▶ **PROMPT**
The listing below holds pictures; exclude them. Return exactly the lines from the one with "maak het nog" through the one with "В среднем за".

▶ **MATERIAL TO PROCESS**

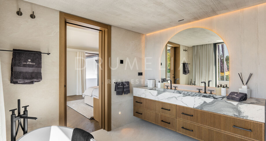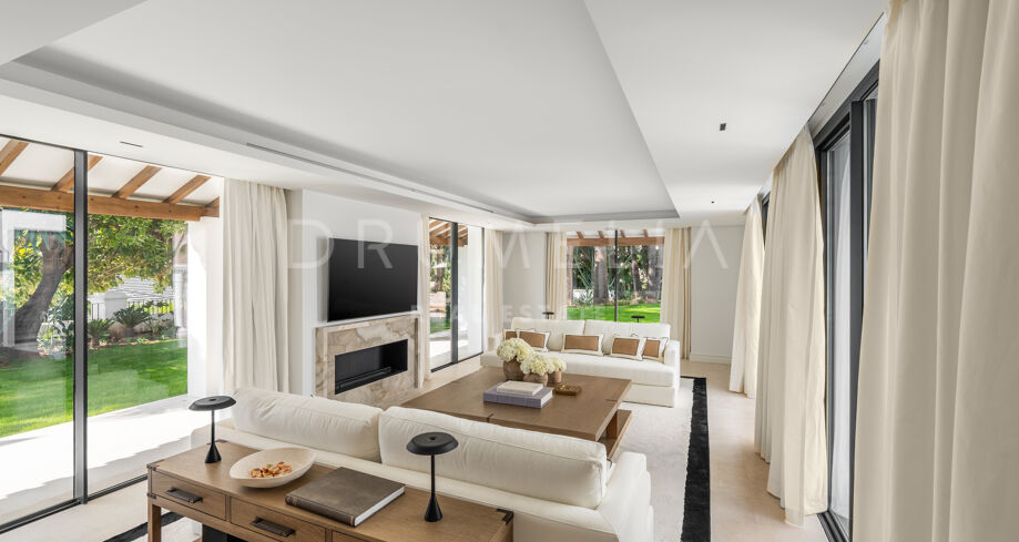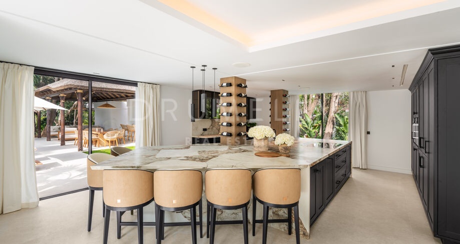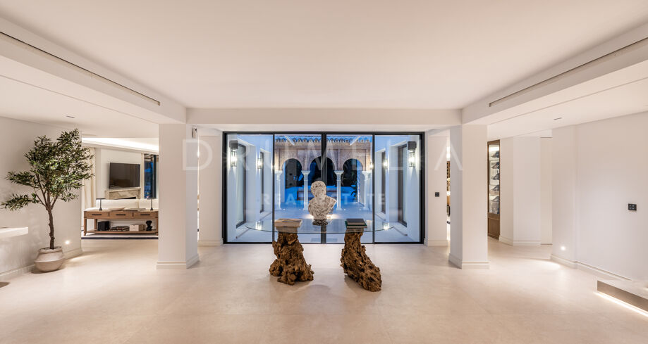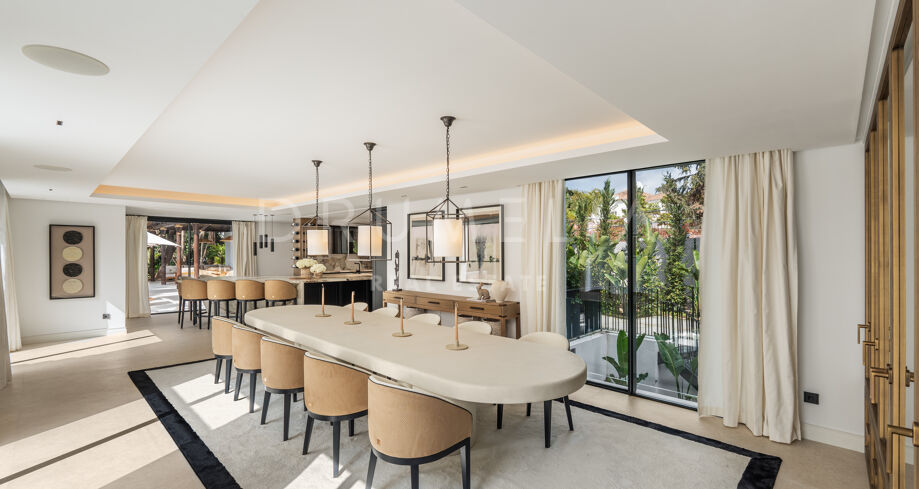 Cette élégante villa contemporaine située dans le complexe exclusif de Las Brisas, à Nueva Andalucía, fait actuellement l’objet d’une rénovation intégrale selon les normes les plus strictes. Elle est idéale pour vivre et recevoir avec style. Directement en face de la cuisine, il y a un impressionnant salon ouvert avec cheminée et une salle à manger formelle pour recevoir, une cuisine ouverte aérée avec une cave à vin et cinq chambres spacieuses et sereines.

--

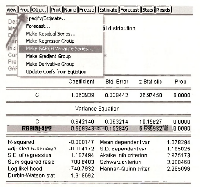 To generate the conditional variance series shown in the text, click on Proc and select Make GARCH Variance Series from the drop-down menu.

==

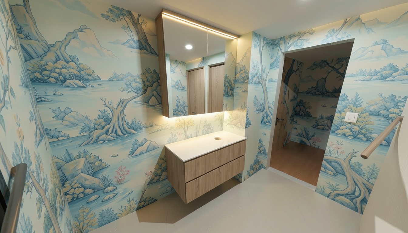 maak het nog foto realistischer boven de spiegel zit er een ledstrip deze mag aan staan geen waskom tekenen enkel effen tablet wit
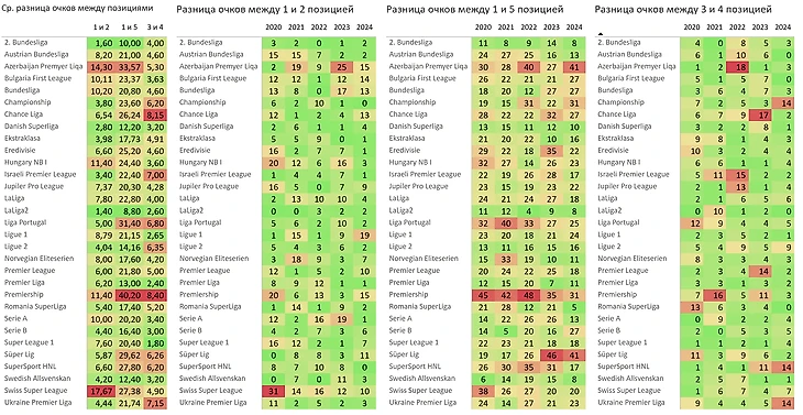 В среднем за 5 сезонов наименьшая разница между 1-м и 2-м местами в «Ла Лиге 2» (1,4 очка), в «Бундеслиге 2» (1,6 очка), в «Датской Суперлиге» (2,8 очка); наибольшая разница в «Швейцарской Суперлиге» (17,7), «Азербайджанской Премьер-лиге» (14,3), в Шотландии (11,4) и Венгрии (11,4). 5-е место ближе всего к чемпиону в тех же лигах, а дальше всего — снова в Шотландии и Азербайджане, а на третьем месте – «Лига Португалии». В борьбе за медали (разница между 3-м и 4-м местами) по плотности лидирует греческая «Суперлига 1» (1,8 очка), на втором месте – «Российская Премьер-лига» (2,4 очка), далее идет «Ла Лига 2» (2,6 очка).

▶ **EXPECTED ANSWER**
 maak het nog foto realistischer boven de spiegel zit er een ledstrip deze mag aan staan geen waskom tekenen enkel effen tablet wit
 В среднем за 5 сезонов наименьшая разница между 1-м и 2-м местами в «Ла Лиге 2» (1,4 очка), в «Бундеслиге 2» (1,6 очка), в «Датской Суперлиге» (2,8 очка); наибольшая разница в «Швейцарской Суперлиге» (17,7), «Азербайджанской Премьер-лиге» (14,3), в Шотландии (11,4) и Венгрии (11,4). 5-е место ближе всего к чемпиону в тех же лигах, а дальше всего — снова в Шотландии и Азербайджане, а на третьем месте – «Лига Португалии». В борьбе за медали (разница между 3-м и 4-м местами) по плотности лидирует греческая «Суперлига 1» (1,8 очка), на втором месте – «Российская Премьер-лига» (2,4 очка), далее идет «Ла Лига 2» (2,6 очка).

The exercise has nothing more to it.